→ DESCRIPTION OF THE TASK
Give the listing again word for word. Leave every image out.

→ DATA PROVIDED
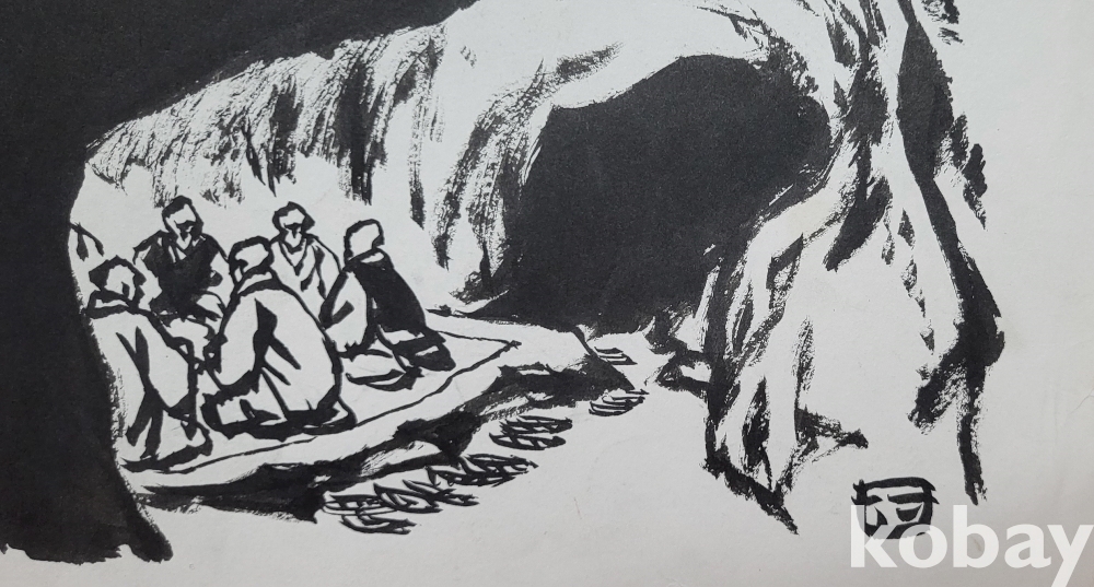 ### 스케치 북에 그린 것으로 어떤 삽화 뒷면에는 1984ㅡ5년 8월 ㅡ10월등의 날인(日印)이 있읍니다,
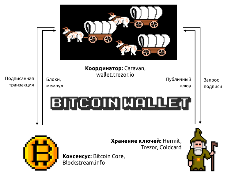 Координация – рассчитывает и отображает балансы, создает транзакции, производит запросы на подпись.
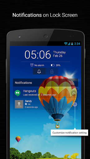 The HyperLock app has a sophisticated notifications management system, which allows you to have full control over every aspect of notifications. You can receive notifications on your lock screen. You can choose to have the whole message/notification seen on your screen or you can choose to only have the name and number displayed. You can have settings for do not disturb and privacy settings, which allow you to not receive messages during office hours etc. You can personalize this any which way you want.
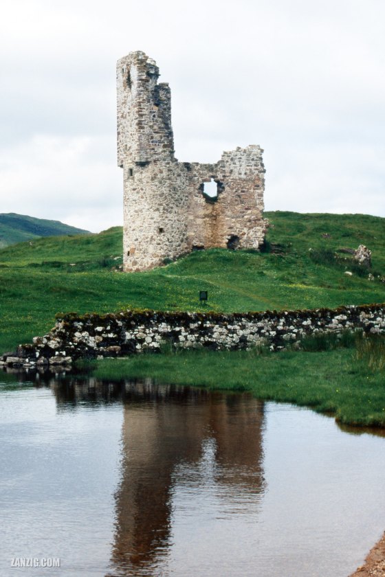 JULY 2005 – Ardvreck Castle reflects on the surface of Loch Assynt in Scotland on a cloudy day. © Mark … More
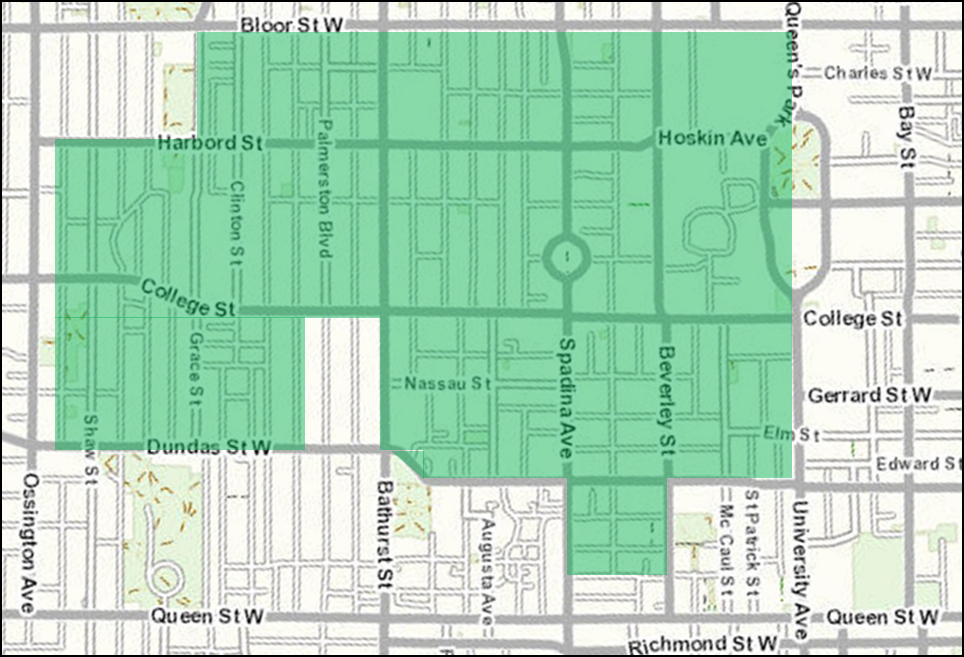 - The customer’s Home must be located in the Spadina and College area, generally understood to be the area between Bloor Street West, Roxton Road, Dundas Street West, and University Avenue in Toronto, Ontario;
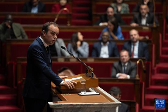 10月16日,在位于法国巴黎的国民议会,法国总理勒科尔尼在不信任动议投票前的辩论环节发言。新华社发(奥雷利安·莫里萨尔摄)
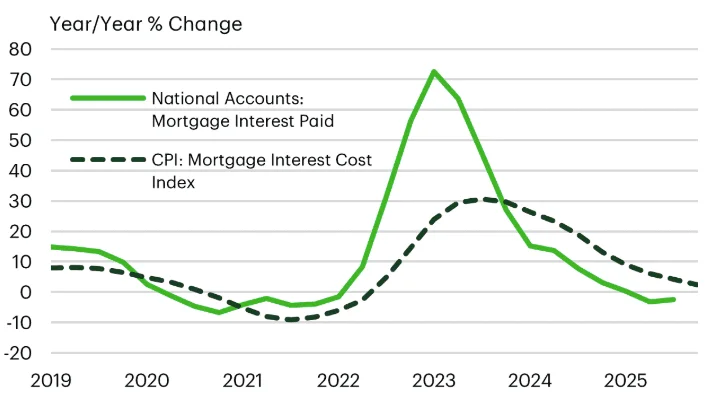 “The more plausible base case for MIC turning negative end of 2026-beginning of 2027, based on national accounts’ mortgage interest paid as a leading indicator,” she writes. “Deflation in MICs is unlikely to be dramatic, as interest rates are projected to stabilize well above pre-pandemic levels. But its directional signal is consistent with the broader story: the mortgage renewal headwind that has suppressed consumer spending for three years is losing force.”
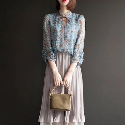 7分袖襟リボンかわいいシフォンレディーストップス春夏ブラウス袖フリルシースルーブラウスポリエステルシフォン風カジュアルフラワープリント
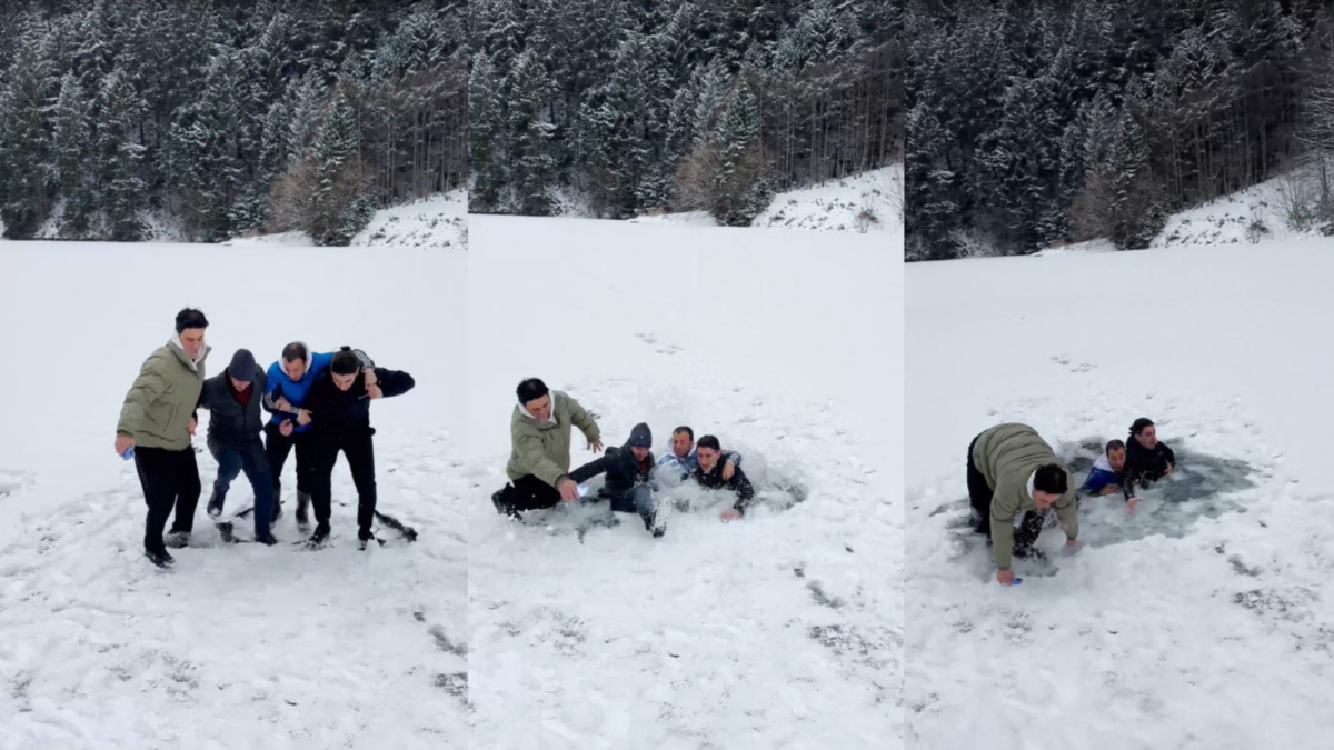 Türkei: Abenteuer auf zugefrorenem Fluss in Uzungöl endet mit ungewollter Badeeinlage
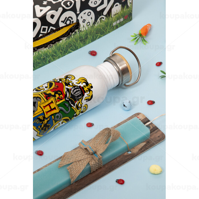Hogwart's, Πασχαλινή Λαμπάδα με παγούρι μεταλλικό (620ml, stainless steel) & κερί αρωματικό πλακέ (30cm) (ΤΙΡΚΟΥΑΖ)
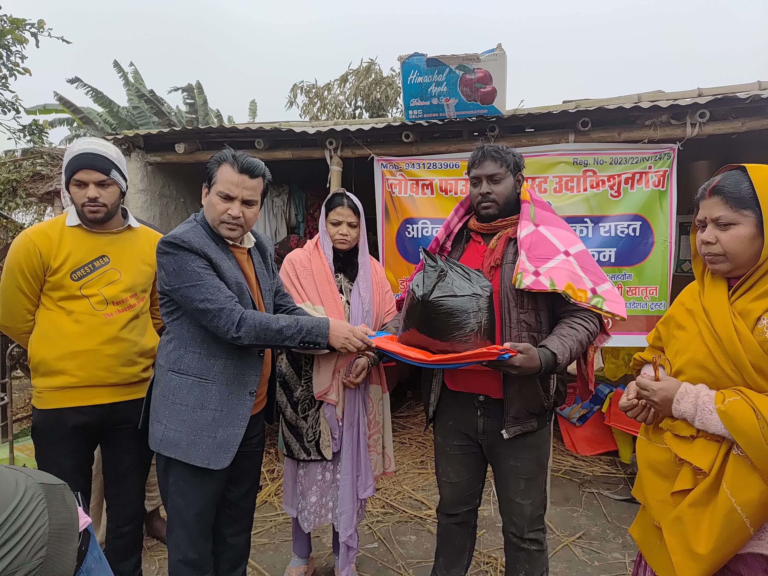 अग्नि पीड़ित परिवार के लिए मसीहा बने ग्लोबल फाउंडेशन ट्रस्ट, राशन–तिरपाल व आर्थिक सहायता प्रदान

→ OUTPUT FOR THIS TASK
 ### 스케치 북에 그린 것으로 어떤 삽화 뒷면에는 1984ㅡ5년 8월 ㅡ10월등의 날인(日印)이 있읍니다,
 Координация – рассчитывает и отображает балансы, создает транзакции, производит запросы на подпись.
 The HyperLock app has a sophisticated notifications management system, which allows you to have full control over every aspect of notifications. You can receive notifications on your lock screen. You can choose to have the whole message/notification seen on your screen or you can choose to only have the name and number displayed. You can have settings for do not disturb and privacy settings, which allow you to not receive messages during office hours etc. You can personalize this any which way you want.
 JULY 2005 – Ardvreck Castle reflects on the surface of Loch Assynt in Scotland on a cloudy day. © Mark … More
 - The customer’s Home must be located in the Spadina and College area, generally understood to be the area between Bloor Street West, Roxton Road, Dundas Street West, and University Avenue in Toronto, Ontario;
 10月16日,在位于法国巴黎的国民议会,法国总理勒科尔尼在不信任动议投票前的辩论环节发言。新华社发(奥雷利安·莫里萨尔摄)
 “The more plausible base case for MIC turning negative end of 2026-beginning of 2027, based on national accounts’ mortgage interest paid as a leading indicator,” she writes. “Deflation in MICs is unlikely to be dramatic, as interest rates are projected to stabilize well above pre-pandemic levels. But its directional signal is consistent with the broader story: the mortgage renewal headwind that has suppressed consumer spending for three years is losing force.”
 7分袖襟リボンかわいいシフォンレディーストップス春夏ブラウス袖フリルシースルーブラウスポリエステルシフォン風カジュアルフラワープリント
 Türkei: Abenteuer auf zugefrorenem Fluss in Uzungöl endet mit ungewollter Badeeinlage
Hogwart's, Πασχαλινή Λαμπάδα με παγούρι μεταλλικό (620ml, stainless steel) & κερί αρωματικό πλακέ (30cm) (ΤΙΡΚΟΥΑΖ)
 अग्नि पीड़ित परिवार के लिए मसीहा बने ग्लोबल फाउंडेशन ट्रस्ट, राशन–तिरपाल व आर्थिक सहायता प्रदान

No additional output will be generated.